§ ABOUT THIS EXERCISE
Exact copies of the lines from the one with "사진 12. 동일배율(예" through the last line of the entries, and no pictures, make up the answer.

═════ RECORDS FOR THIS TASK

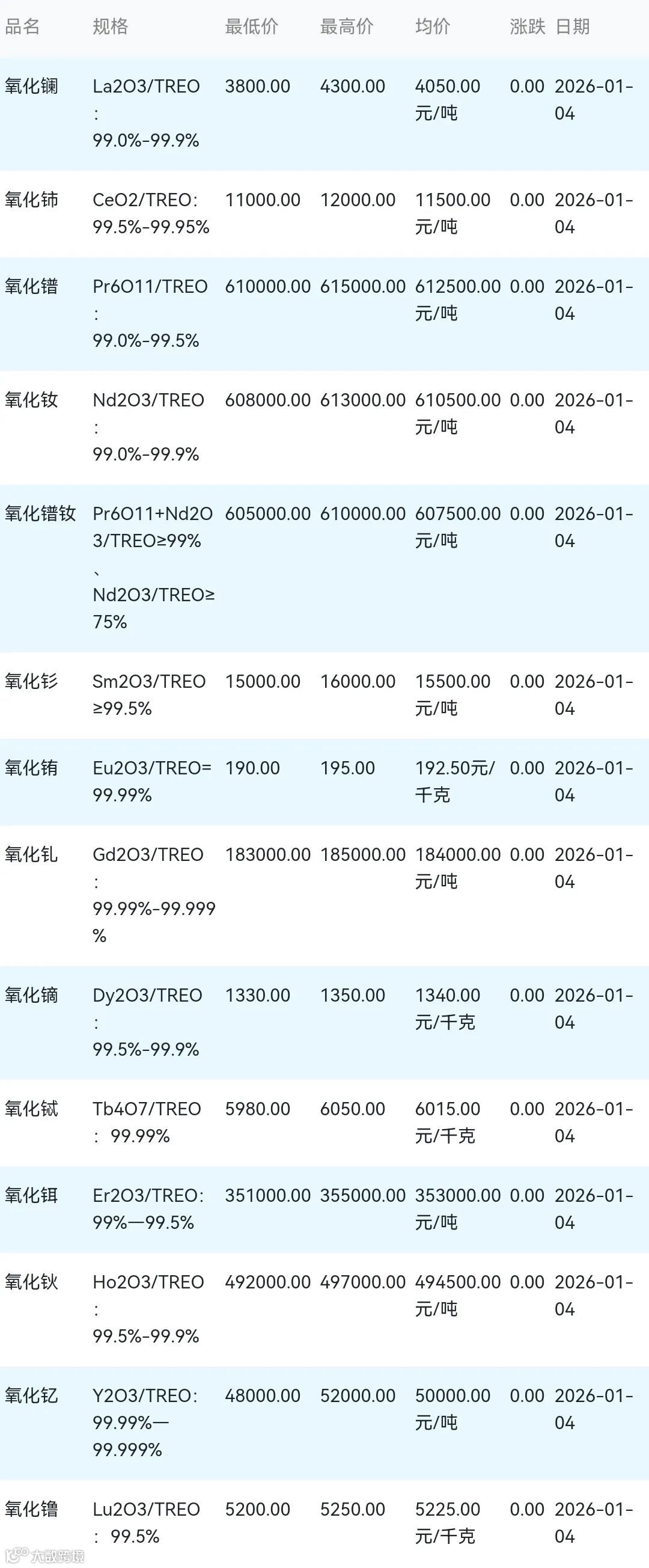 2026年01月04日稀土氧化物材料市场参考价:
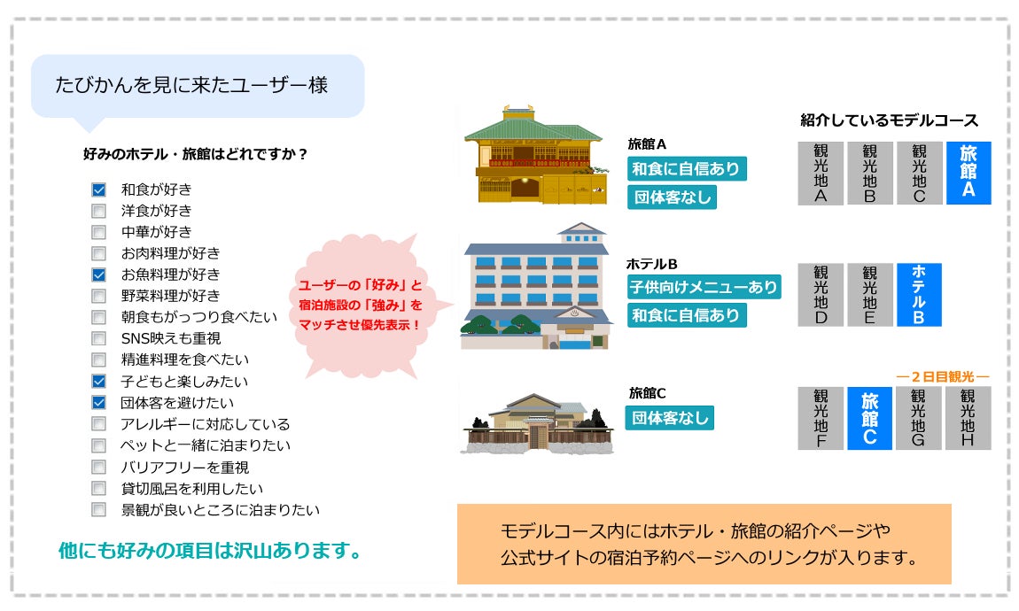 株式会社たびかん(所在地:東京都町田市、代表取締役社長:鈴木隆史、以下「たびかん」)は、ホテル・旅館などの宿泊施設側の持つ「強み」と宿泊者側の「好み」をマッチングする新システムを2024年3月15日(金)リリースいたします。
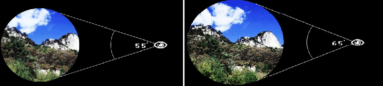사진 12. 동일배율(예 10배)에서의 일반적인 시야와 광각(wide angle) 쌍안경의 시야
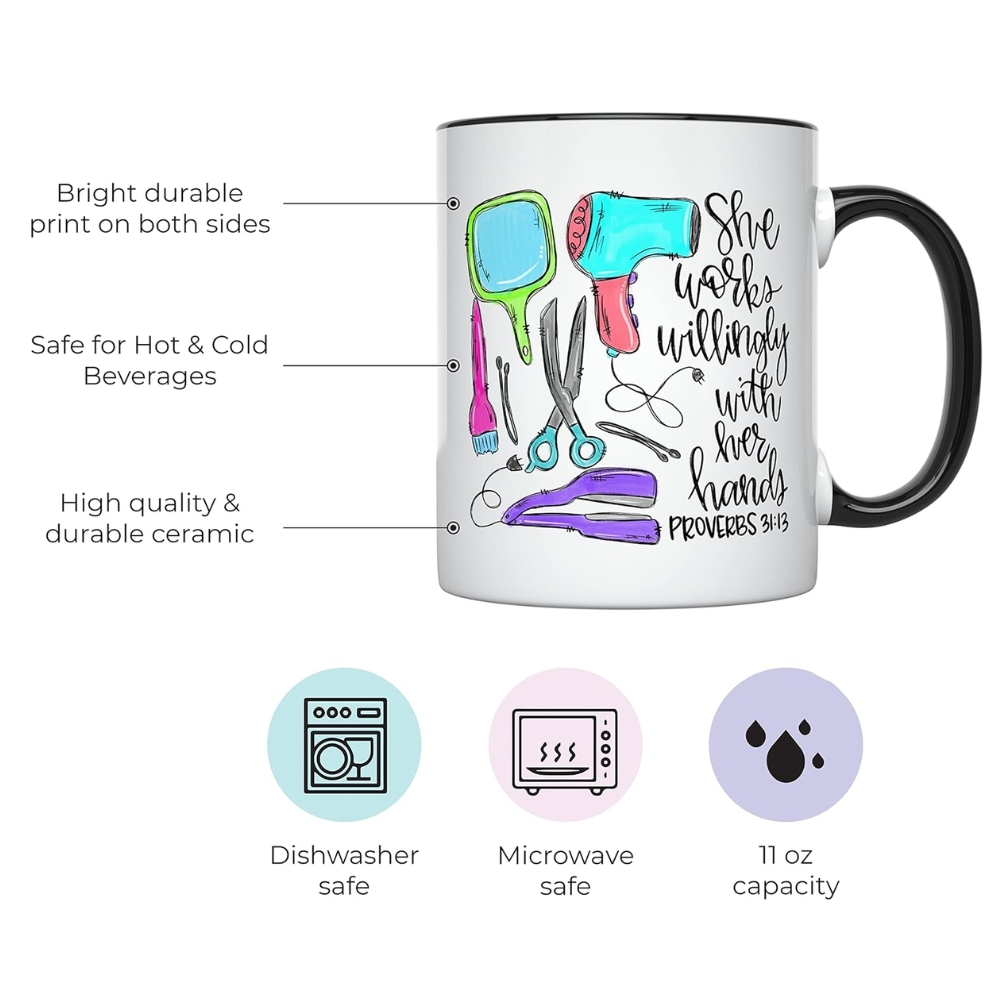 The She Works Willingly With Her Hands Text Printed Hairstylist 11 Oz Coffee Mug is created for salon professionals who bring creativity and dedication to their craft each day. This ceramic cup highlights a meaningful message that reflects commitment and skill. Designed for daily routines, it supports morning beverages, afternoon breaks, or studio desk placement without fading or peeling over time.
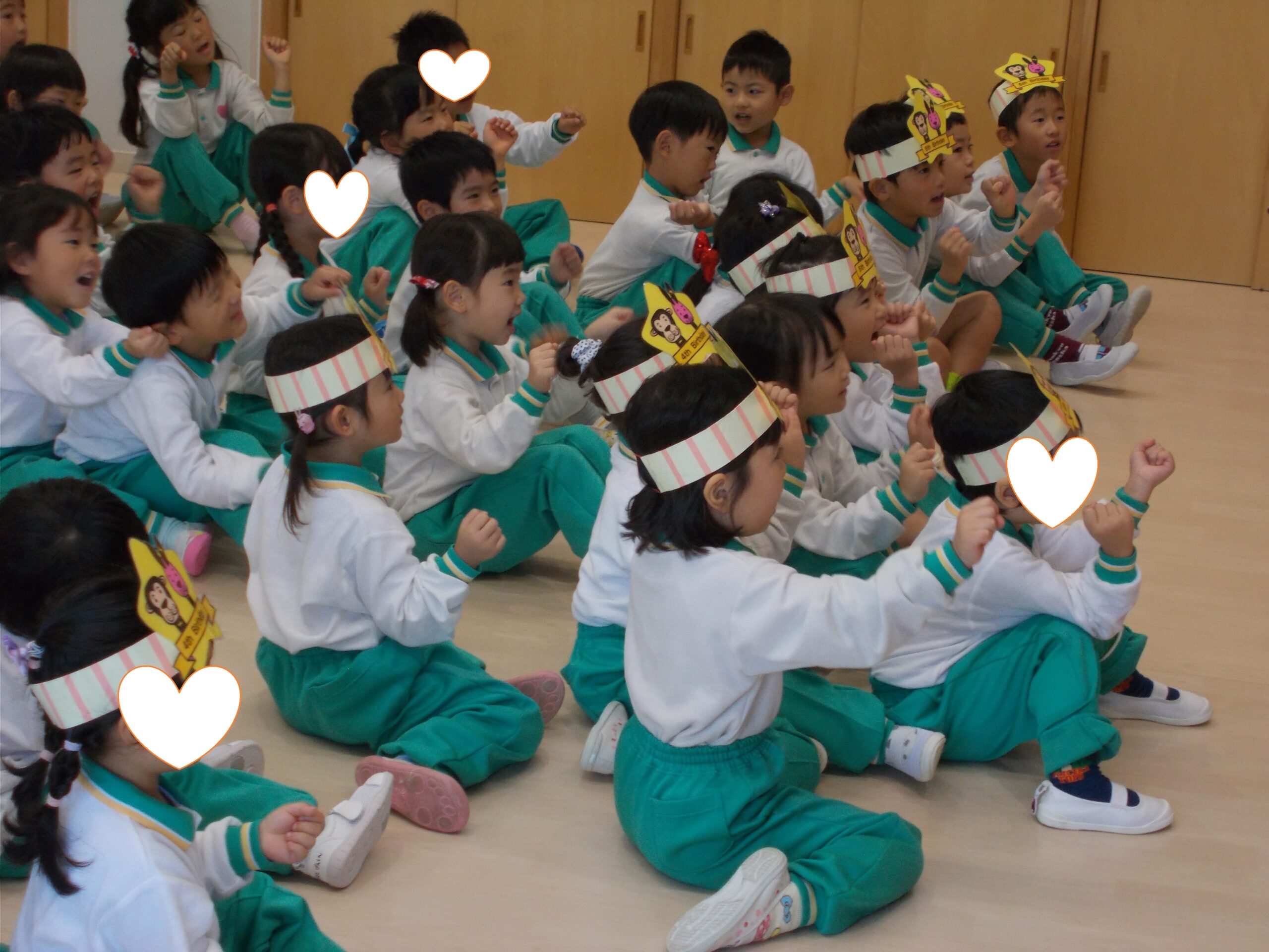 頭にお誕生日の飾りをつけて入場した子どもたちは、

══════════

§ TASK RESULT
사진 12. 동일배율(예 10배)에서의 일반적인 시야와 광각(wide angle) 쌍안경의 시야
 The She Works Willingly With Her Hands Text Printed Hairstylist 11 Oz Coffee Mug is created for salon professionals who bring creativity and dedication to their craft each day. This ceramic cup highlights a meaningful message that reflects commitment and skill. Designed for daily routines, it supports morning beverages, afternoon breaks, or studio desk placement without fading or peeling over time.
 頭にお誕生日の飾りをつけて入場した子どもたちは、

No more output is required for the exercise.